Complementing the ablation opportunity is our appendage management franchise. As many of you know, we have steadily expanded our Atriclip product line through innovation, coupled with increasing awareness for treatment of the appendage, growth of our Atriclip franchise has outpaced our ablation products in recent years. We remain excited by the outlook for continued adoption of appendage management in surgical procedures as a result of the growing body of clinical evidence.

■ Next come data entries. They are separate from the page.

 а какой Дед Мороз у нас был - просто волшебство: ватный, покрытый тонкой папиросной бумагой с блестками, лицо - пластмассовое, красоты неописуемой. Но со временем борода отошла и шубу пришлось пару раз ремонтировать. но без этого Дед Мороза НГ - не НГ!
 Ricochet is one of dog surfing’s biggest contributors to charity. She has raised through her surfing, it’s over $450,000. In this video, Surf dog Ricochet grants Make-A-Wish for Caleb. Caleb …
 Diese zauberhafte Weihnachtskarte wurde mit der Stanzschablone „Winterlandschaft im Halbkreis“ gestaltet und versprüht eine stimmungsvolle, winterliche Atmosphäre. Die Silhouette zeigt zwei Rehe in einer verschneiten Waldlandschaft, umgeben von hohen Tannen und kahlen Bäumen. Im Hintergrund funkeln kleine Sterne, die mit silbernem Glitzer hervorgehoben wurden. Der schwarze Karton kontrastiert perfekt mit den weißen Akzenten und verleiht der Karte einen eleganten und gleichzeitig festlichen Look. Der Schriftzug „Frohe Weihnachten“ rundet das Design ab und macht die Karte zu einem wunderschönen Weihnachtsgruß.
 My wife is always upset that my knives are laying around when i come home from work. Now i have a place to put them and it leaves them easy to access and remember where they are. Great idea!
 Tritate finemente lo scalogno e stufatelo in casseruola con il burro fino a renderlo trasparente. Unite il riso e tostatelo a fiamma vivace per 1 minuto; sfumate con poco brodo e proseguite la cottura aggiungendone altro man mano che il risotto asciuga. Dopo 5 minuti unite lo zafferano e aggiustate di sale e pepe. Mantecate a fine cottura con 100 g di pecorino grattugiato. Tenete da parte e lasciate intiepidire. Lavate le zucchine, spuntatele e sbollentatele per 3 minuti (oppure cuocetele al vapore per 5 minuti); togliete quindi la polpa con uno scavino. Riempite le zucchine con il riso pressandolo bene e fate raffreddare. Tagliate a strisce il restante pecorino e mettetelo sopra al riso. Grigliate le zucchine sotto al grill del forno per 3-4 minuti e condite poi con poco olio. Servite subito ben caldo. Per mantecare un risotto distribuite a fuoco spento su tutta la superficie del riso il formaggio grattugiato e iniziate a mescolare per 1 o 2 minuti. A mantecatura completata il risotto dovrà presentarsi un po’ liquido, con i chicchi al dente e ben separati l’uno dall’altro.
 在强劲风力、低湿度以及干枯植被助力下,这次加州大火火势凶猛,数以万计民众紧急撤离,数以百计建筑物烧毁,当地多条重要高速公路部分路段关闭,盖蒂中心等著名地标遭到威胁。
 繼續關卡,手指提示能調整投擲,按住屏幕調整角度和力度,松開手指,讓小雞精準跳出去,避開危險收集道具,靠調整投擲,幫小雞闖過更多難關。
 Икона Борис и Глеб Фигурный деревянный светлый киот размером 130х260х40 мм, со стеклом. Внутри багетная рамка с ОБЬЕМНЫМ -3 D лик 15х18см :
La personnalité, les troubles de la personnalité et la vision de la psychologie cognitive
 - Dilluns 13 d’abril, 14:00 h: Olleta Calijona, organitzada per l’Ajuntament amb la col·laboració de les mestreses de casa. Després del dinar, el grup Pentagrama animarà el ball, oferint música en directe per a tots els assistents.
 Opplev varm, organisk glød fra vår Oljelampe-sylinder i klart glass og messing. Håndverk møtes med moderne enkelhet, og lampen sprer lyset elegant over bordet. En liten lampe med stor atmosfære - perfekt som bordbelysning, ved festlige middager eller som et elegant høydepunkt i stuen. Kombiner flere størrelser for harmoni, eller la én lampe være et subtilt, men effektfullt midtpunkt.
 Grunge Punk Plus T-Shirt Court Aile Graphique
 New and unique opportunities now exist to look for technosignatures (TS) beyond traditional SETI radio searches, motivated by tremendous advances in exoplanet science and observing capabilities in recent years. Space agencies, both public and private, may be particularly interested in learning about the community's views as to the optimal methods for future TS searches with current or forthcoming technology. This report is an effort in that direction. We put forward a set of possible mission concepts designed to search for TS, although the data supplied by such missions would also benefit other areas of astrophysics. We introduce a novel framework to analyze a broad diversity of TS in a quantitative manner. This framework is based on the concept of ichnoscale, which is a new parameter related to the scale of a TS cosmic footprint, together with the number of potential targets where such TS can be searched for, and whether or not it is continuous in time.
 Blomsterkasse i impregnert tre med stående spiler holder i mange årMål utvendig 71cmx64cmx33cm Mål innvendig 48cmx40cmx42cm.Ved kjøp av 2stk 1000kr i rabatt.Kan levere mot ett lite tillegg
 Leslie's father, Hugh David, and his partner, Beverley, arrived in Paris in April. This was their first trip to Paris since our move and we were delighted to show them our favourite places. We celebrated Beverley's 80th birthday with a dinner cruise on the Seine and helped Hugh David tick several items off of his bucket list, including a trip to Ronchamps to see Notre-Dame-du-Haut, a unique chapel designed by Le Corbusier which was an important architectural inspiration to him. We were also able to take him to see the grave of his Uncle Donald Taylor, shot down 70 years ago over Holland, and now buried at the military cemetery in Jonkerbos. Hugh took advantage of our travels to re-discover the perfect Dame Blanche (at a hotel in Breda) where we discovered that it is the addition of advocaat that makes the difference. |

Finally, turning to the cryoSPHERE probe, our dedicated device for managing postoperative pain in thoracic patients. Our unique technology uses a differentiated freezing method to block nerves from transmitting pain signals after thoracic surgery, providing a long-lasting form of pain relief for patients. Cryo Nerve Block continues to be one of our fastest-growing therapies, and we are very pleased with our growing account base. In the third quarter, we surpassed $30 million in life-to-date sales of the cryoSPHERE probe in the United States, just 2.5 years after the initial product launch. This represents more than 12,000 patients who have been treated with prior nerve block therapy since early 2019. More recently, we recorded our first cryoSPHERE sale in Europe. While we are proud of our progress, we believe the market for Cryo Nerve Block remains vastly underpenetrated, and we continue to increase investments in our dedicated commercial and education teams, to drive therapy awareness and adoption.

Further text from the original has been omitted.